Этот городской гул и мои собственные думы о бесчисленных жизнях, производивших его, отлично увеличивали в глазах моих интерес шоссейного представления, потому что тема его, целиком вся заключавшаяся доселе в одном только слове — караул, — теперь, долго и тщательно продуманная мною, распалась на множество отдельных мотивов, звучавших всем, что только есть в природе человеческой сильного и слабого, восторженно счастливого и глубоко скорбного.

Шагая, я рассек игравшуюся драму, вопреки всем существующим правилам словесности, на два гигантских акта. Действующими лицами в первом акте были толпы, отливавшие от города, во втором — толпы, валившие в город.

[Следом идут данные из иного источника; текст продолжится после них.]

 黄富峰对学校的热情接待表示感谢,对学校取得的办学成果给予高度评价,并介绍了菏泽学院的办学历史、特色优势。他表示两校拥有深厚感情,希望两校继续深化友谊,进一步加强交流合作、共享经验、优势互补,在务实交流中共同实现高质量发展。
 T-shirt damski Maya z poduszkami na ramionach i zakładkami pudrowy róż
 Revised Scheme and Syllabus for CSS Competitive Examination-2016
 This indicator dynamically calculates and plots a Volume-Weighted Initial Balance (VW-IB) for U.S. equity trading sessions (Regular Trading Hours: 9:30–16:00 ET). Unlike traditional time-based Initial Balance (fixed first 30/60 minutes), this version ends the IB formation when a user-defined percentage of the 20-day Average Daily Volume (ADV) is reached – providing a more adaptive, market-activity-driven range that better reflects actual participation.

Место действия в обоих актах общее: желтое, бесконечно длинное шоссе, сплошь окаймленное густыми деревьями, которые временами таинственно шуршат скрывающемуся в них бродяге, что поосторожнее, мол, друг, соблюдай себя! Не очень-то высовывайся с своими глазами, блещущими лихорадкой и голодом… Видишь, какая тьмища народу валит! Должно, и нынешнюю ночь придется тебе голодом посидеть. Что делать? Потерпи! Вот, может статься, на зорьке-то и приуснет кто-нибудь…

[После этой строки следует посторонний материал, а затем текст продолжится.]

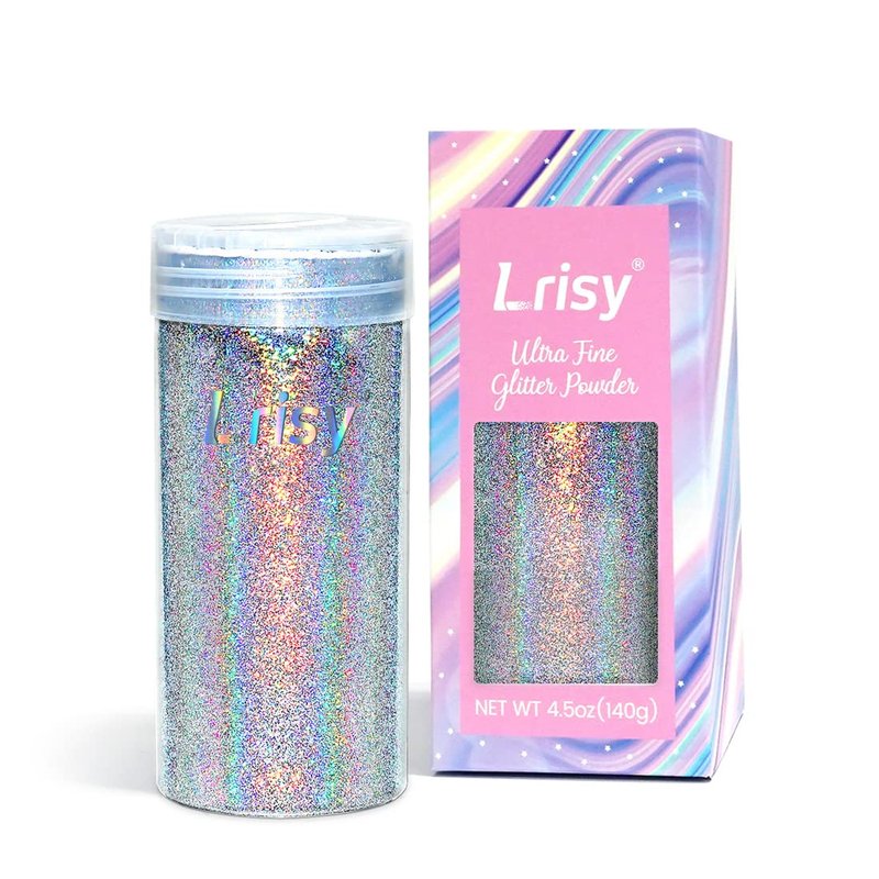 Lrisy Holographic Extra Fine Glitter Powder with Shaker Lid, Craft Glitter Sequins for Epoxy Resin, Slime,Tumblers,Nail&Painting Arts 140g/4.5oz (Ultra Thin Holographic Silver)
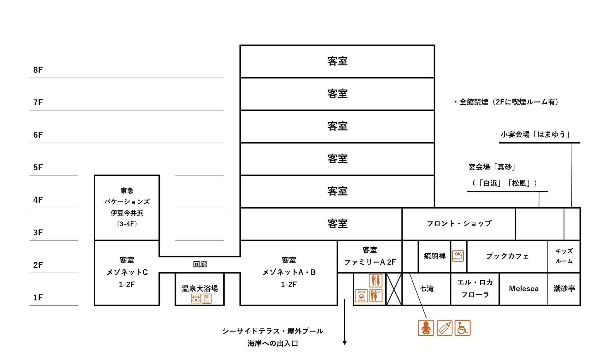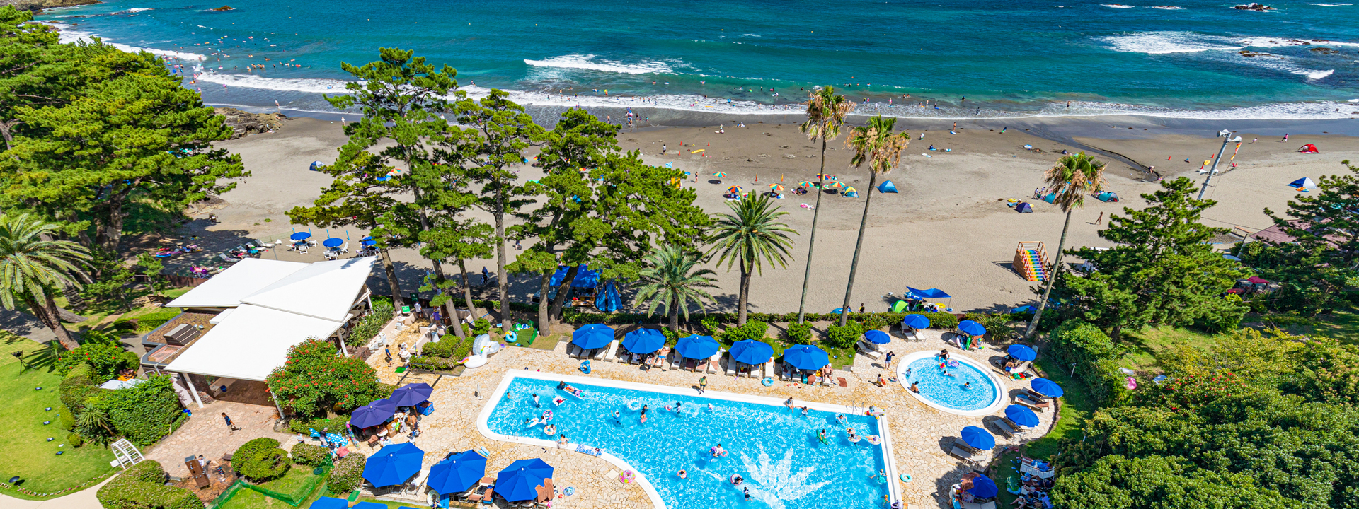 お子様用プールや屋外シャワー、トイレも併設。更衣室とともにチェックイン前・アウト後もご利用いただけます。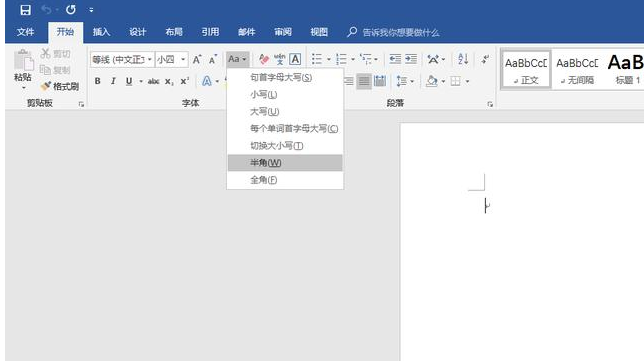 解决方法:【开始】--【字体】--【更改大小写】--【半角】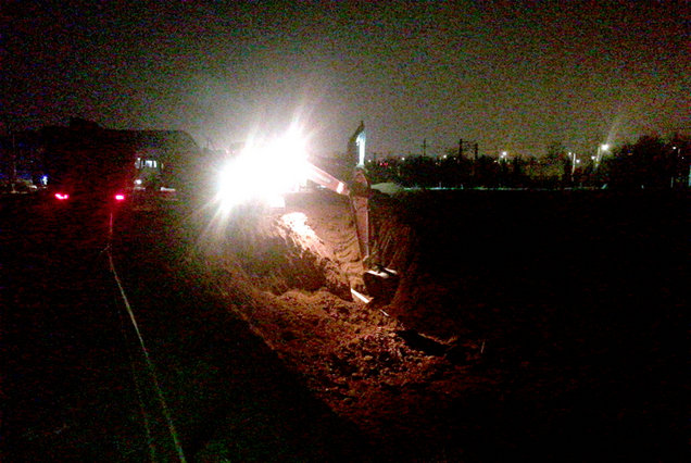 3月29日凌晨,安陽象道物流國際專用線項目工地上工地上燈火通明、機械轟鳴,施工現場干的熱火朝天,洹水灣道路與象道物流專用線立交箱涵底板正在連夜?jié)仓?/p>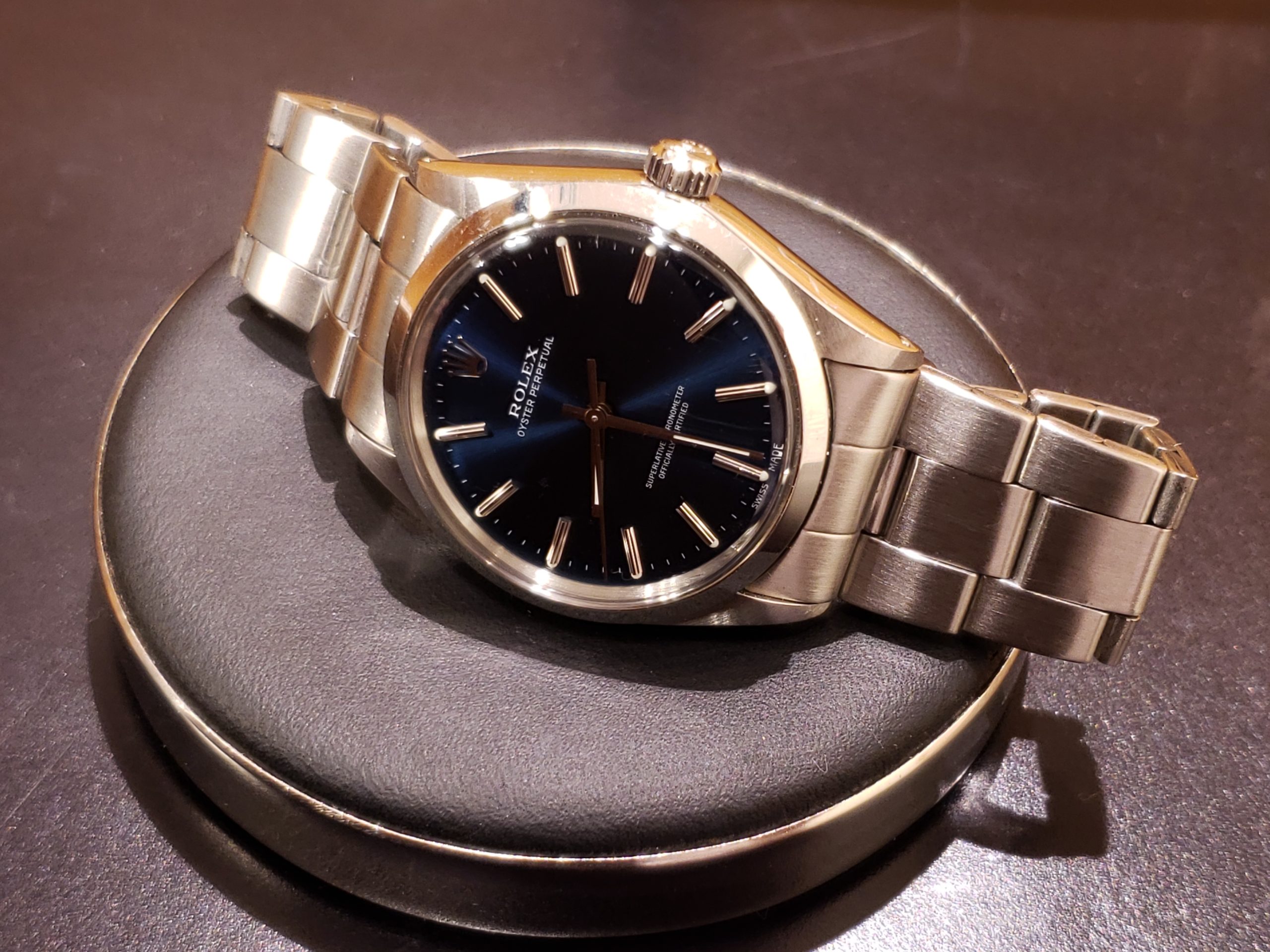 ロレックス オイスターパーペチュアルでございます。 こちらはコマがピンで繋がっているタイプのベルトではなく、板巻きのタイプです。 当店ではこのような普通はコマ外しできないものでも対処可能です!

По левой стороне шоссе тянется сумрачный лес, кое-где вырубленный и дающий место или барской даче, или харчевне, или кабаку, или, наконец, кузнице с адски пылающим горном. За лесом, на мгновение освещая его редины, то и дело пролетают поезды железной дороги, пронзительно вскрикивая и оглушительно гремя звонкими цепями. Пролетевши, поезды набрасывали на лесные вершины прозрачные, грациозно волновавшиеся покровы, унизанные огненными искрами, наподобие того, как женские вуали унизываются иногда блестящими бусами.

На правой стороне декорации еще лучше: там в спокойной гордости, освещенные месяцем, искрятся волны залива. Высоко над его поверхностью рассыпано бесчисленное множество светлых, весело подмигивающих издали точек.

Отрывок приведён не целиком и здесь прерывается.